The young tramper’s rite of passage is their first trip sans parents, writes Jo Stilwell
I didn’t grow up in a tramping family but was very fortunate to live in Nelson where my introduction to the outdoors as a child was via our annual summer family camping holidays to Lake Rotoiti in Nelson Lakes National Park.
It was here my mother taught me the term ‘dawn chorus’ and where, all those years ago, there was no wasp hum among the beech forest. I experienced the usual school camps involving overnight tramps to local huts or camping on the beach at Abel Tasman National Park. But it was the first trip I did with a couple of girlfriends from school that really cemented my love of tramping.
It’s over 30 years ago now and the details are sketchy, but I know we felt excited, confident and capable. We only went as far as Browning Hut in Mt Richmond Forest Park – an easy walk of two hours. We were supposed to head on to Roebuck Hut, a further four hours along the Pelorus Track, but somehow never made it. It was a stinking hot summer’s day and we lumbered under our heavy metal frame packs to which we had tied our oversized sleeping bags wrapped in black plastic rubbish bags. There was a lot of swimming along the way and we weren’t in any hurry.
We stayed at Browning for two nights, ate sausages and dehy spud, had Weet-Bix for breakfast and shared the hut with a hunter who took us under his wing, provided us with venison and accompanied us to Totara Saddle for a walk. We didn’t really know what we were doing – none of us had a tramping background – but we didn’t care. I had my Norsewear socks and my dad’s black woollen singlet and I felt like a real tramper.
When my daughter Alice and her friend Lucy did their first tramp without parents a few years back, aged 15, they were far more prepared than my friends and I had been. They’d both tramped for many years with their respective families and as parents we had no worries about their capabilities. We hadn’t consciously involved the kids in decision making on family tramps but they’d picked up the necessary skills by osmosis. Alice knew to mix the milk powder and the instant pudding mixture before adding the water so it didn’t go lumpy. She knew to open a hut window while using a burner, and that the top of a hill will always come if you keep walking. Similarly, Lucy was a fit knowledgeable tramper who had been keenly tramping with her family from a young age.
The girls chose the Mt Somers Walkway where it was likely other trampers would be around, there were huts, bridges over the major rivers and even intermittent cell-phone coverage. Given the popularity and nature of the route, they didn’t take the locator beacon. They took the gas cooker rather than the white-spirits burner, planned their own gear and food without needing any input from their parents. And they had so much fun. They could do stuff parents might think senseless such as tip their Jaffas into the river to make them cold (they taste better that way), climb unnecessarily up the side of the swingbridge and swim five times in one day because each swimming hole looked better than the last. They played with glow-sticks in bed at night time and took many unsuccessful photos of the moon. And being teenagers of their time, they perfected the art of the tramping selfie – there were outside-the-hut selfies, post-swim selfies, the swingbridge selfie and the shadow selfie.
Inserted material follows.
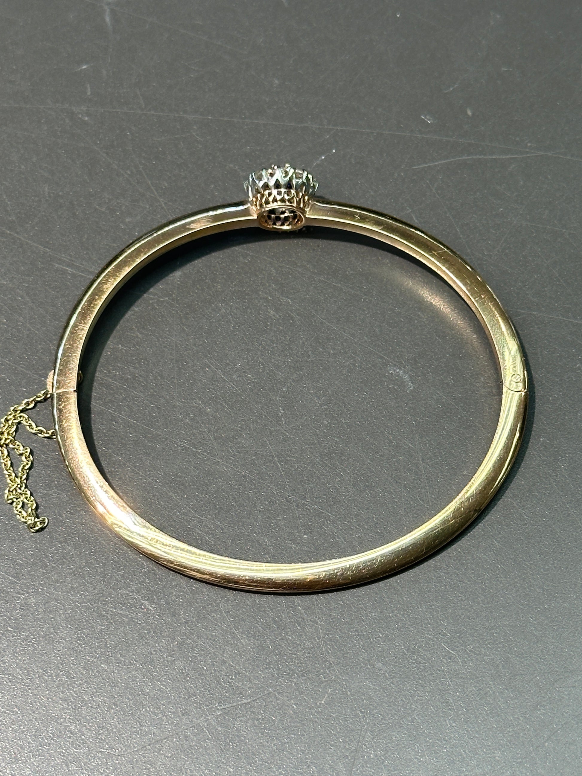 一款华丽的法国制造古董手镯,中央镶嵌着一颗鲜艳的宝蓝色蓝宝石,周围环绕着一圈闪闪发光的白玫瑰切割钻石。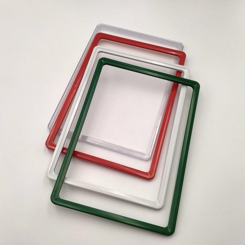Прозрачна рамка формат А4 (297х210 мм) с интегриран прозрачен PVC джоб за лесно поставяне и подмяна на листове.

But alongside the fun was an immense sense of accomplishment and satisfaction at having survived independently for three days, carrying everything they needed on their backs and doing it their own way.
Dropping the kids at the road-end and leaving them to it is a rite of passage for every young tramper – and their parents. It was such a joy for me to send them on their way, confident they had the knowledge and skills to have a safe and enjoyable trip. There’s no way I would have let them loose in an unknown city for three days on their own aged 15.
It makes me grateful that our teenagers have the New Zealand outdoors in which to develop, explore and test their independence in such a safe and secure way.